**PROVIDED ENTRIES**.
=== Begin Enclosure ===

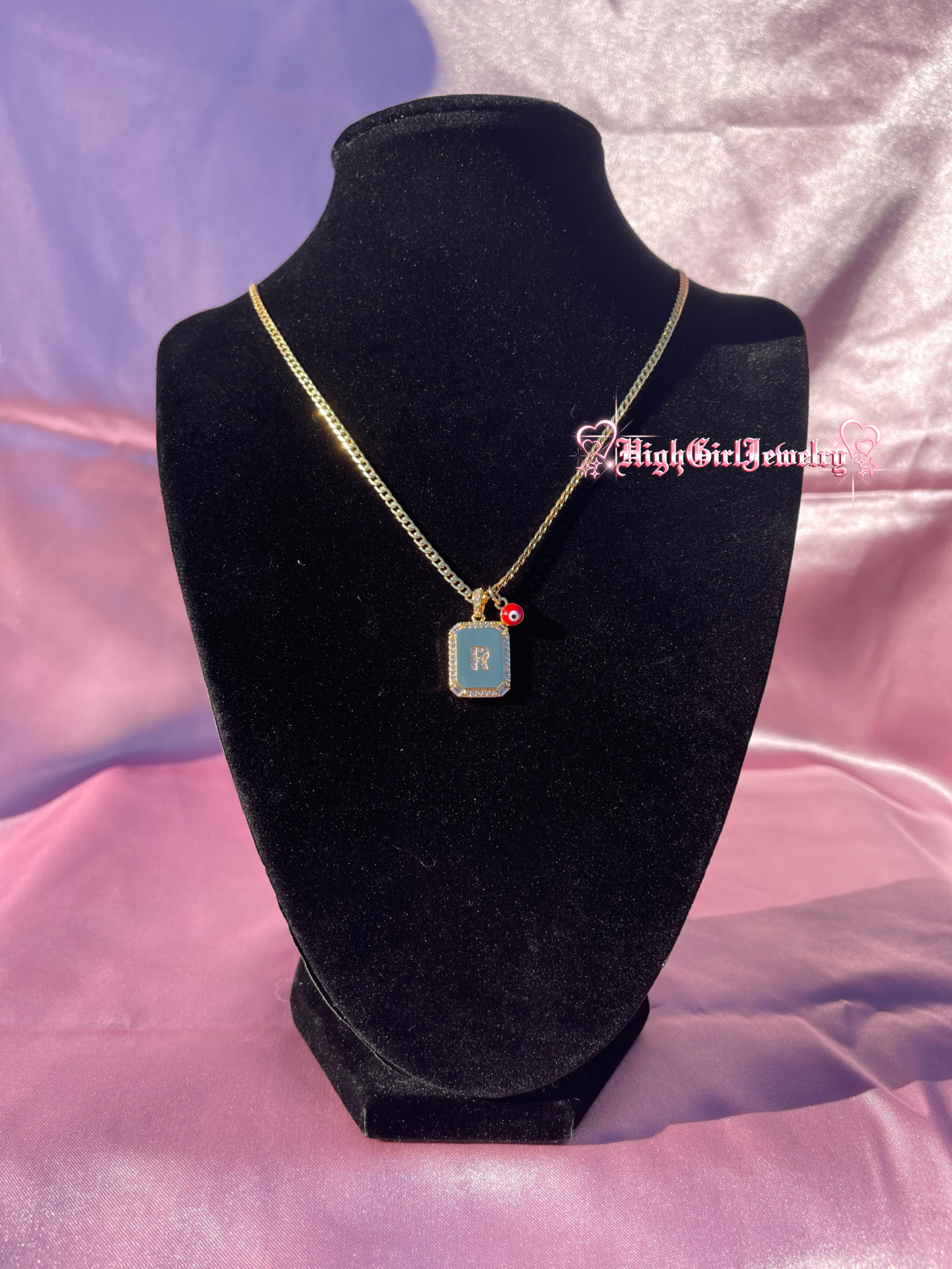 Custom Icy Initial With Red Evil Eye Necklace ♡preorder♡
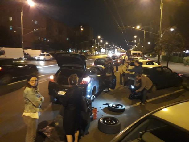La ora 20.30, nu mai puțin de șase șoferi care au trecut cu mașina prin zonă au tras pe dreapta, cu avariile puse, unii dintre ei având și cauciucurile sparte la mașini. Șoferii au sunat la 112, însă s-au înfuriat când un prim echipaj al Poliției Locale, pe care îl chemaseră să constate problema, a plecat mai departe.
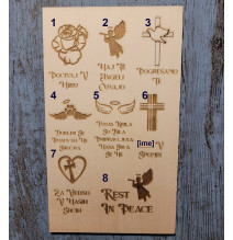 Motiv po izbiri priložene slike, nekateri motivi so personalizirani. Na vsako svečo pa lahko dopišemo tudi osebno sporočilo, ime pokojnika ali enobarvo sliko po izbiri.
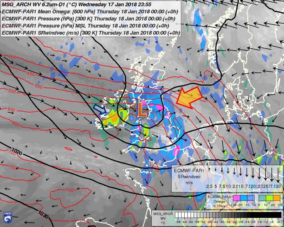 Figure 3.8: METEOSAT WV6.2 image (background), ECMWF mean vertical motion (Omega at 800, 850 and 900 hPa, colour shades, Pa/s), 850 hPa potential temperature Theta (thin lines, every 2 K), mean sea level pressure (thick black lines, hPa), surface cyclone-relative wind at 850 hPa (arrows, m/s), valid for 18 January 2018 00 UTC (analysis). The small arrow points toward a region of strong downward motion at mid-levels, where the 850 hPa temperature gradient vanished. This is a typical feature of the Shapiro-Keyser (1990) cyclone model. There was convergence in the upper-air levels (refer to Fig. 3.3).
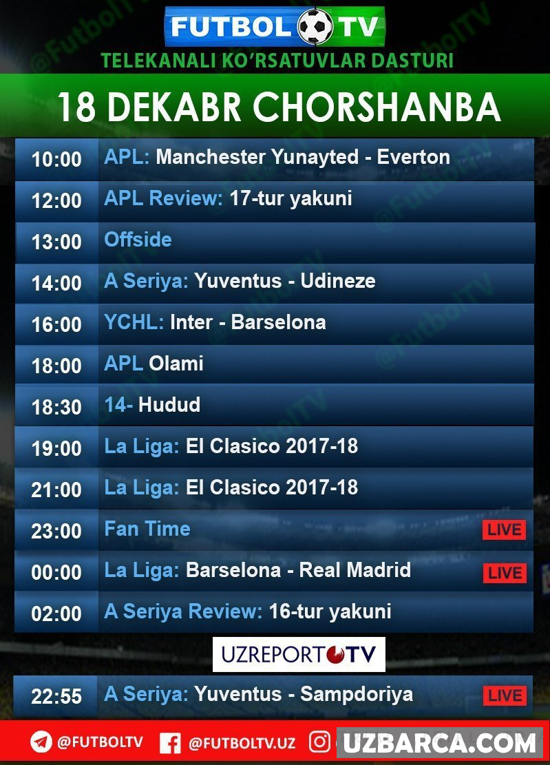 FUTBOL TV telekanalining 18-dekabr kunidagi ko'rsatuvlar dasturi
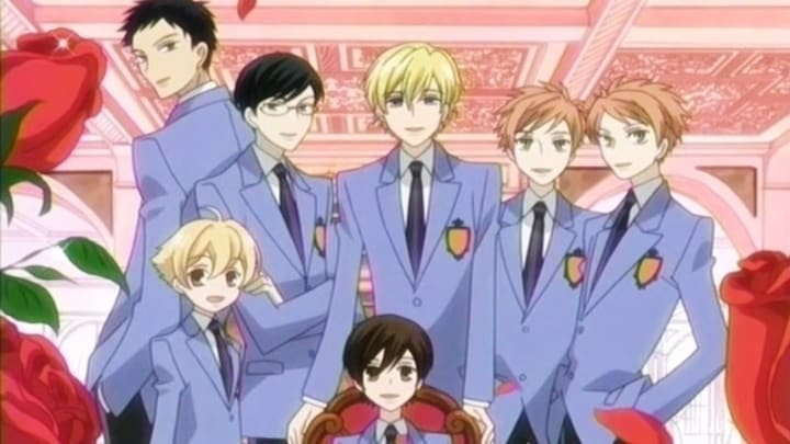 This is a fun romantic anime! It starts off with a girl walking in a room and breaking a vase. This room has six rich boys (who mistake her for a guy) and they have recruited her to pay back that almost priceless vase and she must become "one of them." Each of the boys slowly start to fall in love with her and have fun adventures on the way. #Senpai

=== End Enclosure ===
=== Begin Enclosure ===

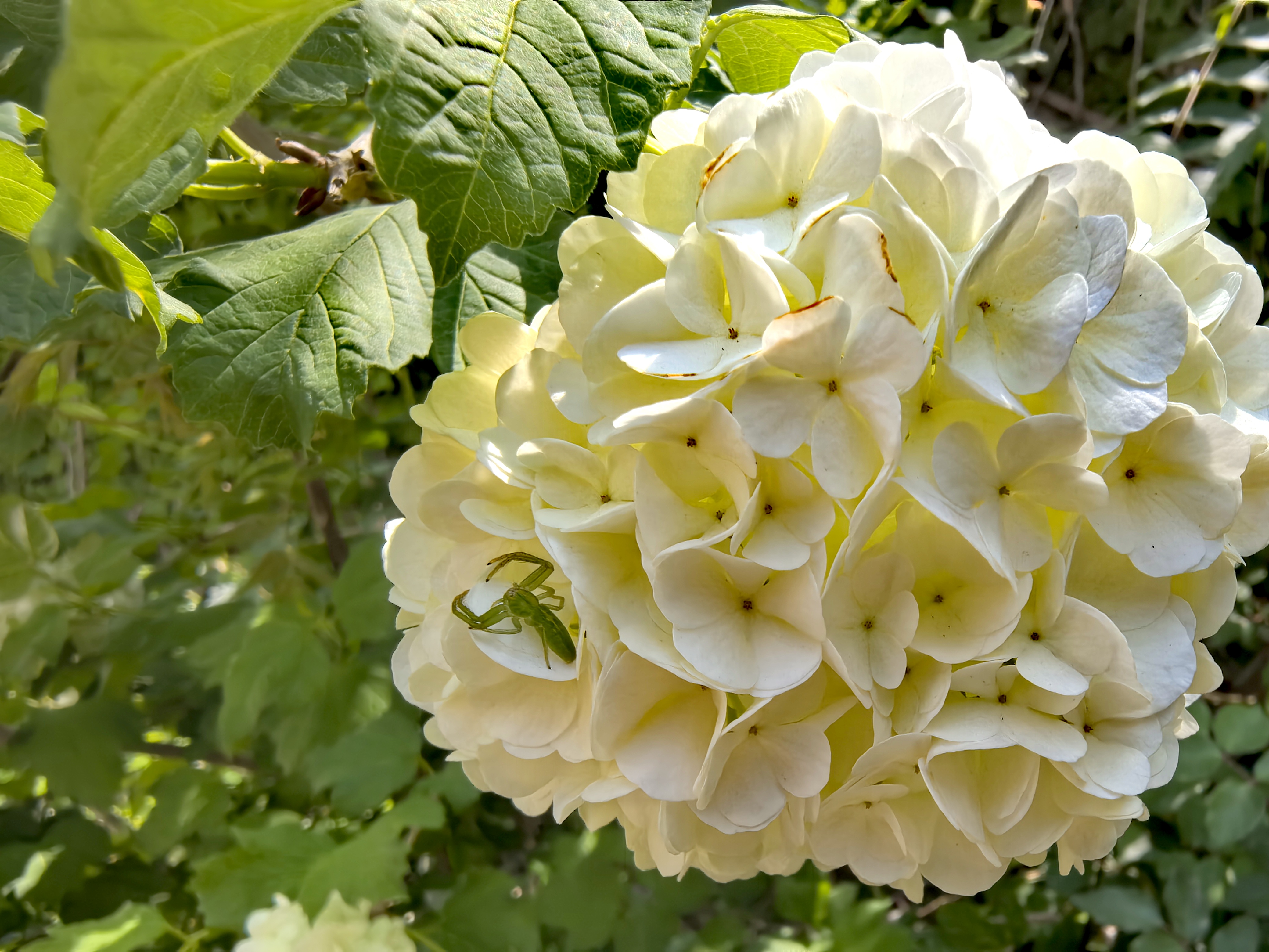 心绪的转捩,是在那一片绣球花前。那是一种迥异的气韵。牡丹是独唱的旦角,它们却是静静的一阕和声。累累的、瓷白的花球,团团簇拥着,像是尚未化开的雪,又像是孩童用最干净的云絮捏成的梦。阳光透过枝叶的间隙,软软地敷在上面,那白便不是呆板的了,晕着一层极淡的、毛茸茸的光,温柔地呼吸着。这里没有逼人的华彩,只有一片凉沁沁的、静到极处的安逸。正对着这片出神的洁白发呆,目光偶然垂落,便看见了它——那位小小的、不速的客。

=== End Enclosure ===

**DESCRIPTION OF THE TASK**.
Take the entries above and copy exactly the lines starting at the one with "FUTBOL TV telekanalining" and ending at the one with "This is a fun"; nothing outside that span, and no pictures.

**ANSWER TO THIS TASK**.
 FUTBOL TV telekanalining 18-dekabr kunidagi ko'rsatuvlar dasturi
 This is a fun romantic anime! It starts off with a girl walking in a room and breaking a vase. This room has six rich boys (who mistake her for a guy) and they have recruited her to pay back that almost priceless vase and she must become "one of them." Each of the boys slowly start to fall in love with her and have fun adventures on the way. #Senpai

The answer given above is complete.